The lawsuit also notes the significance of the cases the three appellate courts hear.

"Together, the three courts render enormously consequential decisions that


profoundly affect the lives of all Alabamians," according to the lawsuit.

Nearly 63 percent of Alabama's prison population is black, lawyers for the plaintiffs
say.

The plaintiffs are the Alabama State Conference of the NAACP, and four African
American residents and registered voters around Alabama: Sherman Norfleet, of
Perry County; Clarence Muhammad, of Jefferson County; the Rev. Curtis Travis, of
Tuscaloosa County; and John Harris, of Lee County.

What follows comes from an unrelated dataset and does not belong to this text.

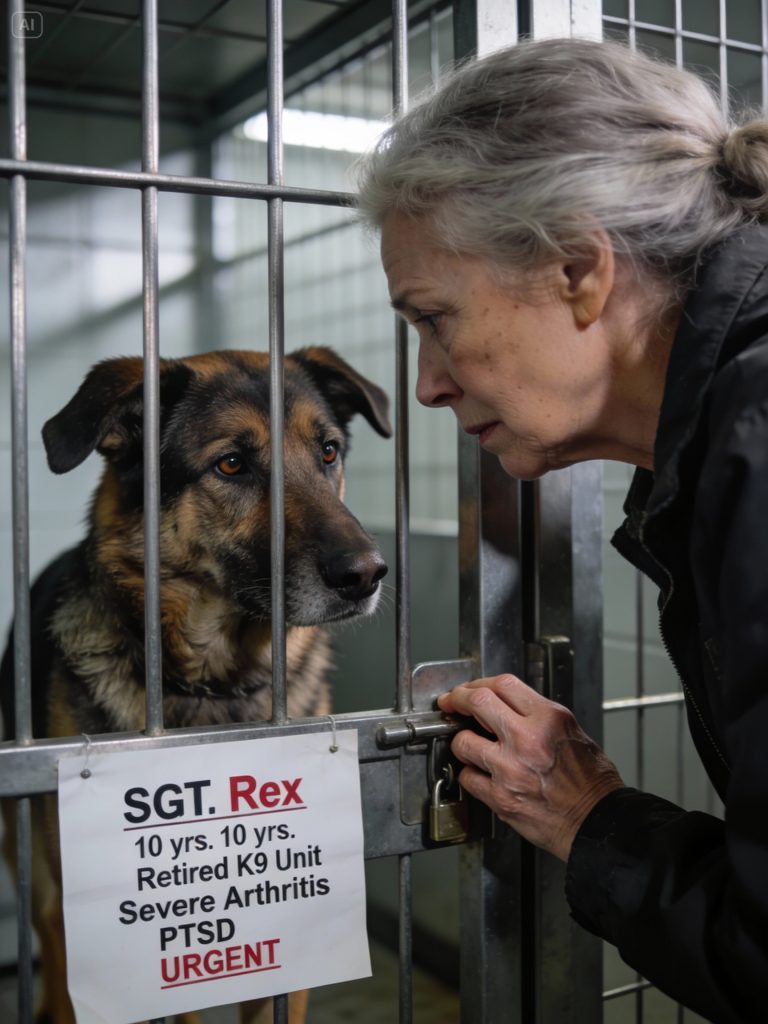 There, behind steel bars, sat a massive German Shepherd. He didn’t bark, didn’t jump, just watched her with calm, dignified eyes. His laminated card read: SGT. REX, 10 years old, Retired K9 Unit, Severe arthritis, PTSD. A red “FINAL NOTICE” sticker screamed across it. “You don’t want that one, ma’am,” a young volunteer cautioned, explaining Rex’s eight years in Narcotics and Search & Rescue, his handler’s divorce, the department’s inability to kennel him. “He’s stiff. He startles easily. And… he’s scheduled for tomorrow morning.” Rex shifted, a tremor of pain in his back leg. He wasn’t asking for mercy, but dignity.
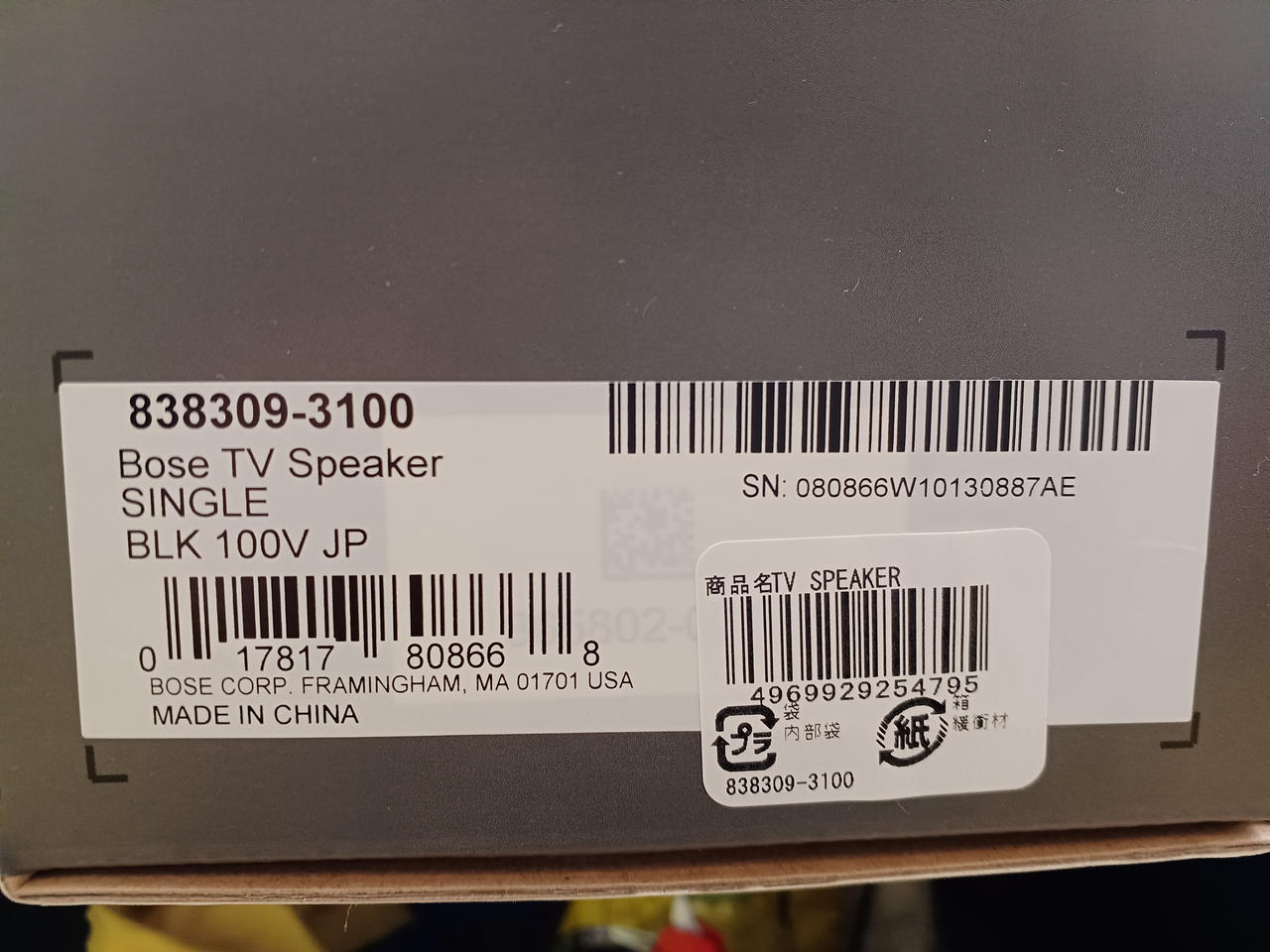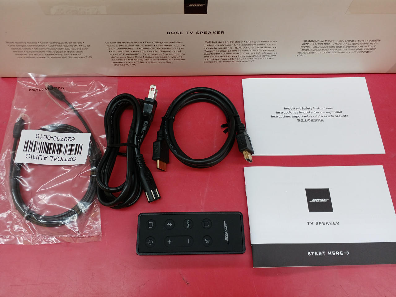 箱、説明書、リモコン、電源コード、HDMIケーブル、光音声ケーブル |

"The Alabama NAACP continues to fight for equitable representation of all


communities in our judicial system at all levels," Benard Simelton, president of the
Alabama NAACP, stated in a press release Wednesday. "Alabama cannot continue to
have a system that ignores segments of the community. We believe that a revised
method of electing judges will lead to representation of all segments of the
community."

The lawsuit was filed in federal court in Montgomery by the Lawyers' Committee for
Civil Rights Under Law in partnership with Alabama civil rights attorneys James
Blacksher and Edward Still, Montgomery-based attorney J. Mitch McGuire, and with
pro bono lawyers at Crowell & Moring LLP, and the firm Stroock & Stroock & Lavan
LLP.

"In 2016, Alabama's appellate courts are no more diverse than they were when the
Voting Rights Act was signed more than 50 years ago," Kristen Clarke, president and
executive director of the Lawyers' Committee stated in a press release. "It is time for
the highest courts in the state of Alabama to reflect the diversity of the communities
they serve. This lawsuit seeks to provide African-American voters an equal
opportunity to elect judges of their choice, achieve long overdue compliance with the
Voting Rights Act and instill greater public confidence in the justice system of
Alabama."

Clarke also said during a teleconference with reporters that the lawuit makes clear
that "voting discrimination is alive and well in Alabama."

Still stated that jurors are supposed to represent all of the adult population, "yet the
state uses a system of electing appellate judges that insures those judges come from
only part of the population."

Blacksher said in the telephone press conference this morning that Alabama is one of
seven states that elect judges to their highest courts in partisan (multi-party)
elections. Of those, five states elect at-large, he said.

If the lawsuit ended quickly in the plaintiffs favor, changes realistically couldn't come
in time to affect this year's election of four judges on those courts, Blacksher said.
The next election is in 2018 but Blacksher didn't rule out the possibility of mid-term
elections.

"The fact that no African Americans are on the Alabama Supreme Court or any other
office elected statewide sends a clear message that black Alabamians remain
subordinate to whites in state government, just as the 1901 Constitution intended,"
Blacksher said in a statement also issued Wednesday morning.